* **Task instructions**
Where the data below contains pictures, omit them; output the rest word for word.

* **Source data**

====================

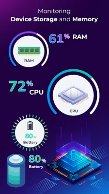 - Phone monitoring : Check CPU, RAM, Battery status with battery percentage, battery temperature and voltage.
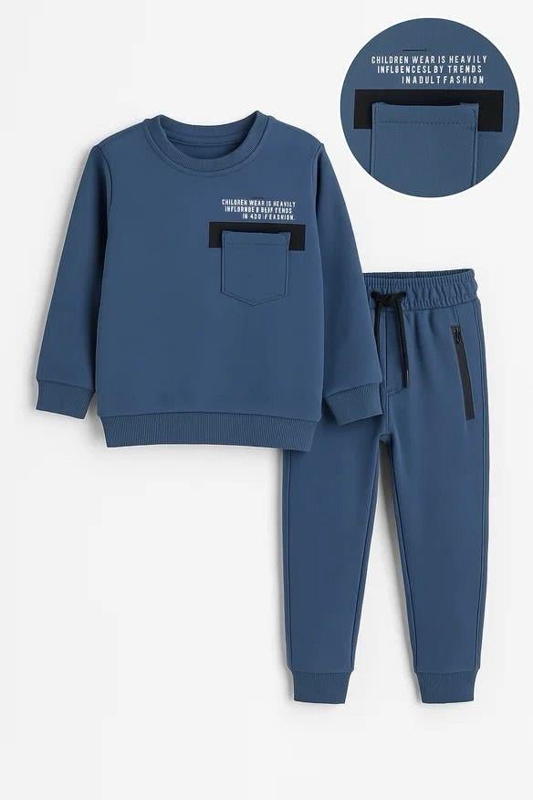 9959 Chıldien Yazılı Baskılı Erkek Çocuk İki İplik Penye Takım-İNDİGO MAVİ
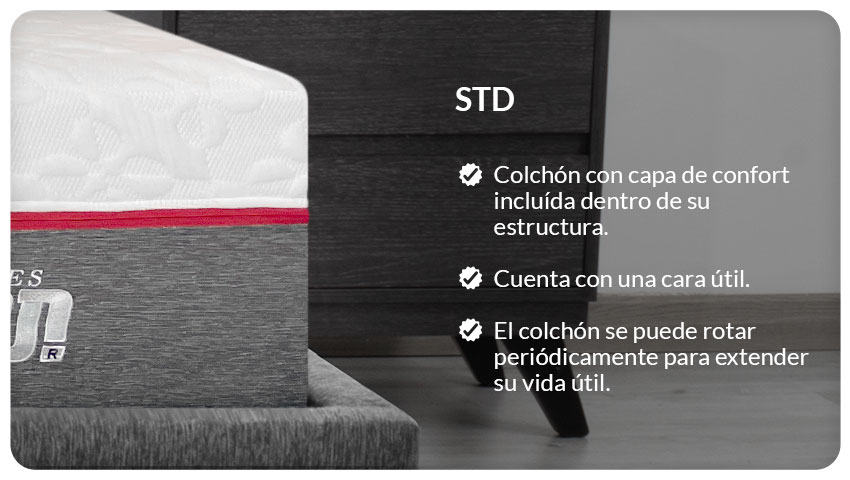 Vive una experiencia única de descanso gracias a una combinación de estructuras en celdas tipo espuma de diferentes densidades y multizonas de transición que le brindarán a tu cuerpo un mejor soporte sin importar la posición en que duermas. Se divide en 3 capas, cada una de ellas con una función en específico que al trabajar en conjunto te harán experimentar un alto grado de confort.
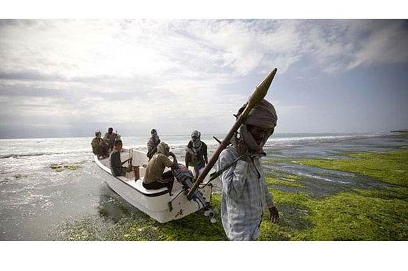 阿卜杜勒哈桑肩上扛着一枚火箭弹,他身后小船上坐着的是他的同伙。他们所在的这个海盗集团名叫“中部地区海岸巡逻队”,成立于2005年,目前集团拥有350名海盗、100多艘快艇。 近年来,索马里海盗劫持船只事件时有发生,从今年1月至今,已有超过50艘船只在索马里附近海域遭袭击,海盗的活动越来越猖獗。 在很多人印象中,海盗船上往往挂着骷髅旗,海盗们人多势众,他们衣着凌乱,手持武器,举止粗鲁。而近年来火爆荧幕的电影《加勒比海盗》,就向人们展现了与传统观念中有所不同的海盗形象。世界图片新闻社摄影师韦罗妮克德维格里(Veronique de Viguerie)跟踪拍摄了一群索马里海盗的日常生活,真实展现了现代海盗的一天。 本篇新闻热门关键词:火爆 |

====================

* **Reply to the exercise**
 - Phone monitoring : Check CPU, RAM, Battery status with battery percentage, battery temperature and voltage.
 9959 Chıldien Yazılı Baskılı Erkek Çocuk İki İplik Penye Takım-İNDİGO MAVİ
 Vive una experiencia única de descanso gracias a una combinación de estructuras en celdas tipo espuma de diferentes densidades y multizonas de transición que le brindarán a tu cuerpo un mejor soporte sin importar la posición en que duermas. Se divide en 3 capas, cada una de ellas con una función en específico que al trabajar en conjunto te harán experimentar un alto grado de confort.
 阿卜杜勒哈桑肩上扛着一枚火箭弹,他身后小船上坐着的是他的同伙。他们所在的这个海盗集团名叫“中部地区海岸巡逻队”,成立于2005年,目前集团拥有350名海盗、100多艘快艇。 近年来,索马里海盗劫持船只事件时有发生,从今年1月至今,已有超过50艘船只在索马里附近海域遭袭击,海盗的活动越来越猖獗。 在很多人印象中,海盗船上往往挂着骷髅旗,海盗们人多势众,他们衣着凌乱,手持武器,举止粗鲁。而近年来火爆荧幕的电影《加勒比海盗》,就向人们展现了与传统观念中有所不同的海盗形象。世界图片新闻社摄影师韦罗妮克德维格里(Veronique de Viguerie)跟踪拍摄了一群索马里海盗的日常生活,真实展现了现代海盗的一天。 本篇新闻热门关键词:火爆 |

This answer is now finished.